Friday, June 10, 2011

Egg nutrition: Get the facts

Over 75 billion eggs are produced in the U.S. each year. That’s a lot of omelets. Most people know that eggs contain protein, but what else? Here are some egg nutrition facts.
 
A single large egg laid by a hen contains 70 calories, as well as:
  • 5 grams of fat (2 grams saturated)
  • 6 grams of protein
  • 0.5 grams of carbohydrate
More than 60 percent of calories in an egg come from dietary fat. About 35 percent come from protein. But when it comes to eggs, here’s the question many people debate: should I eat the yolk?
 
To eat the yolk or not?
Fat-phobic dieters usually chuck the yolks before they reach the frying pan, but what many egg-white-only eaters don’t realize is that about half the protein in an egg is found in the yolk.
 
Egg yolkThere are other benefits of eating the yolk as well.
 
Choline, though not a highly-touted nutrient in diet articles, plays an essential role in fetal brain development. Pregnant women need to eat the yolks to help prevent birth defects. Two whole eggs contain 250 milligrams of choline, about half the recommended daily value.
 
Yolks also contain two other nutrients that pregnant women need, including B vitamins, crucial for fetal nervous system and spinal cord development. The other nutrient is iron. Though an egg has only 5 percent daily value of iron, the iron found in eggs is a healthy mix of both sources of iron—heme and non-heme.
 
Eating two eggs, then, supplies a pregnant or breast-feeding woman with 10 percent daily value of iron, lowering the chance of developing anemia, something to which pregnant and breast-feeding women are more susceptible.
 
What if I’m not pregnant or breast feeding?
You should still eat the whole egg. In addition to the B vitamins, almost the entire amount of the following vitamins and minerals are found in the yolk:
  • calcium
  • iron
  • zinc
  • selenium (nearly 25 percent of daily value)
  • phosphorous (10 percent of daily value)
  • Vitamins A, D, E, and K (the fat soluble vitamins)

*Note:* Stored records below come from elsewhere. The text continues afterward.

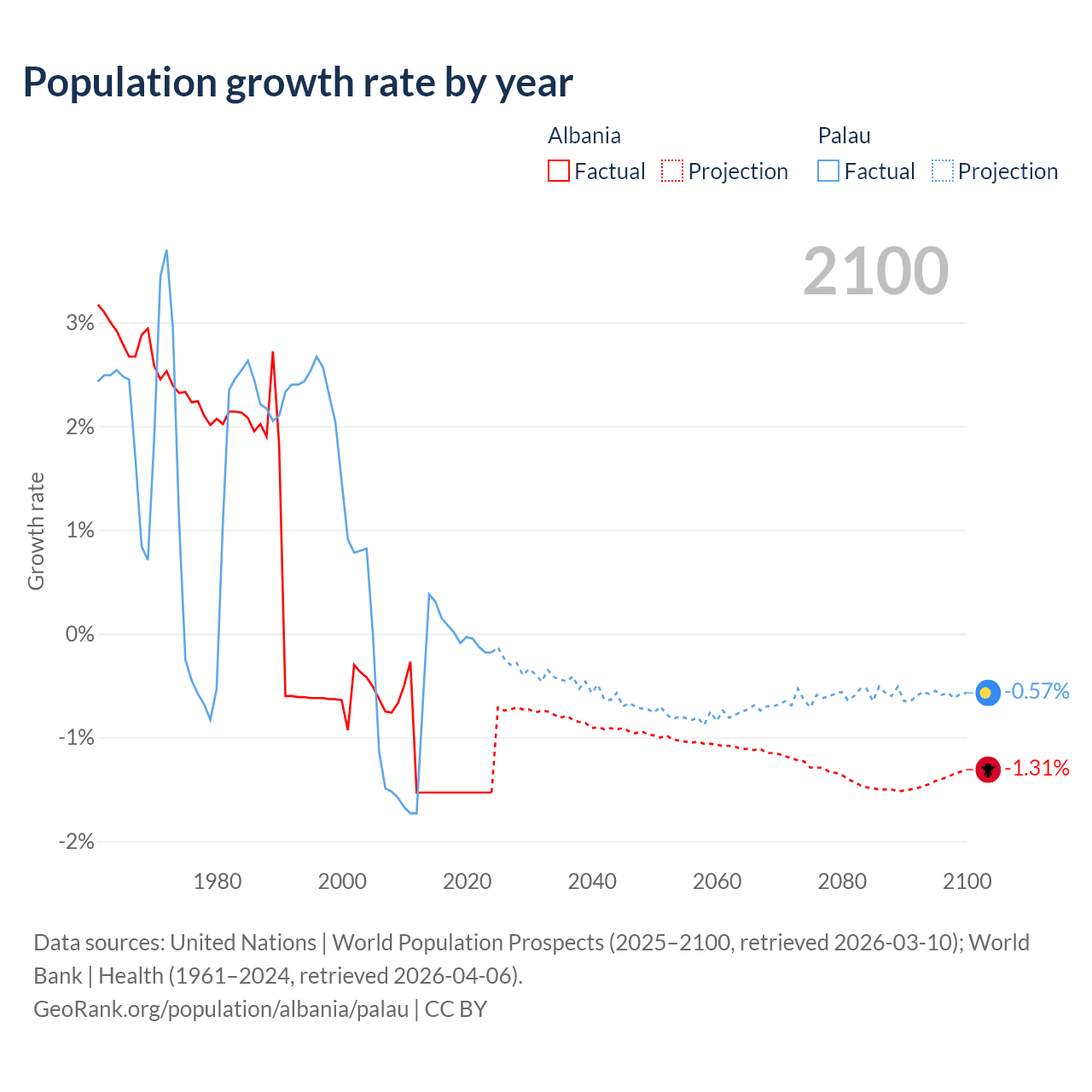 - For the last 10 years, Albania has had an average growth rate of -1.53% per year vs +0.02% in Palau.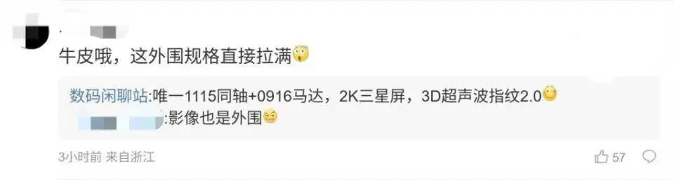 此外,在该条微博评论区,在与网友互动时,该博主还透露,该机“N79频段也补上了,后面各家3500以上机型都得有N79”。针对网友“牛皮哦,这外围规格直接拉满”的表述,该博主回应称,“唯一1115同轴+0916马达,2K三星屏,3D超声波指纹2.0”;针对网友提出的“其他家品牌有没有跟进一下”,该博主回复称,“风扇?有的”。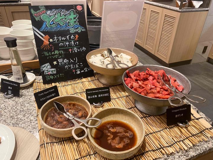 「とやまコーナー」では、ホタルイカの沖漬けや昆布かまぼこなどを用意。ホタルイカの沖漬けはとくにお土産として持って帰るのは難しい場合もあるので、ぜひこの機会に堪能してみてください。少し大ぶりでプリップリ!お箸が進みます。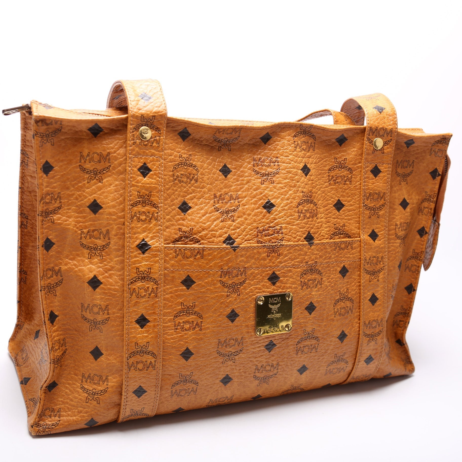 This MCM Zip Toteis eye catching bag. The exterior is in the classic MCM leather.
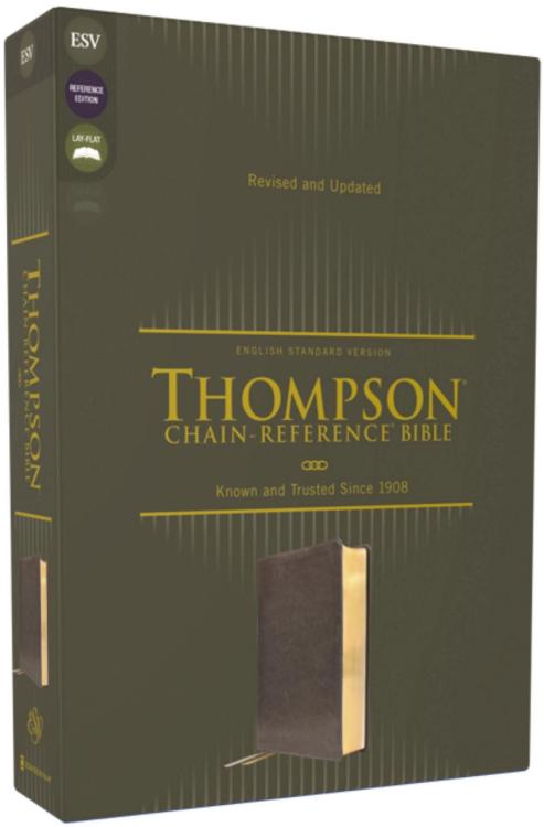 An easy-to-learn, easy-to-use tool for in-depth Bible studyBeloved and acclaimed for more than five generations, the Thompson(R) Chain-Reference(R) Bible is unparalleled in its ability to enrich personal devotions, topical study, and sermon preparation. This unique reference Bible enables you to search the breadth of Scripture’s teachings on thousands of topics and allows you to follow those topics throughout the entire Bible. With over 100,000 references, covering over 8,000 topics, the chain-reference system is an ideal tool for comprehensive topical study. The Thompson Chain-Reference Bible also offers a library of additional study resources that allows readers to interpret the Bible using related scripture passages rather than consulting a commentary.The ESV Thompson Chain-Reference Bible also features a fresh, two-color design that preserves the original look of the chain-reference system, while making each page cleaner and easier to read. Features:Complete text of the English Standard Version (ESV)Easy-to-understand chain-reference system with over 100,000 referencesAlphabetical and numerical indexes highlight study materials for over 8,000 topics, each with its own topic number, for exhaustive topical studyAn extensive study resource section includes biographical sketches, illustrated studies of the Bible, a concordance, Bible harmonies, and many other helpful study toolsFresh, two-color page design66 book introductions16-page full-color map section with map indexLine-matched text for enhanced readabilityWords of Jesus in redPresentation page for gift-givingGilded page edgesTwo double-sided satin ribbon markers, each 3/8-inch wideLeathersoft cover lies flat when openReadable Lexicon typeface9.5-point type size

The yolks also contain heart-healthy Omega-3 Essential Fatty Acids.
 
And yet another reason to eat the whole egg is that yolks contain the full spectrum of essential amino acids. Eating only the whites will require food combining to make sure you get the complementary essential amino acids.
 
But what about cholesterol? Don’t the yolks contain a lot of it?
To some doctors and nutritionists, yes, an egg yolk may indeed have a lot of cholesterol. One whole egg contains approximately 200 milligrams of cholesterol, or roughly 70 percent of suggested daily values.
 
Don’t panic if you just gulped down a three-egg omelet. Your body naturally produces cholesterol for a variety of purposes, including making sex hormones, Vitamin D, and bile acids to help digest fat.
 
If you eat foods containing cholesterol, your body doesn’t have to work as hard to produce it.
 
Conservative recommendations usually allow for one whole egg per day.
 
Yolks also contain the antioxidant lutein, which is thought to promote eye health.
 
Are eggs the best source of protein?
Eggs are considered by many the gold-standard of protein, especially for an all-natural source of food. One egg contains for an average person, over 10 percent of the daily value for protein.
 
More than 90 percent of a whole egg’s protein is absorbable by the body, which scores eggs way up high on the protein bioavailability scale.
 
Many bodybuilders place whey protein on a higher muscle-building pedestal than eggs, but whey protein isn’t a whole food like an egg.
 
Eggs cost roughly 25 cents each, making them one of the least expensive sources of complete protein, plus they’re easy to cook. Being a naturally-nutritiously dense food, it’s no wonder eggs have been eaten for thousands of years.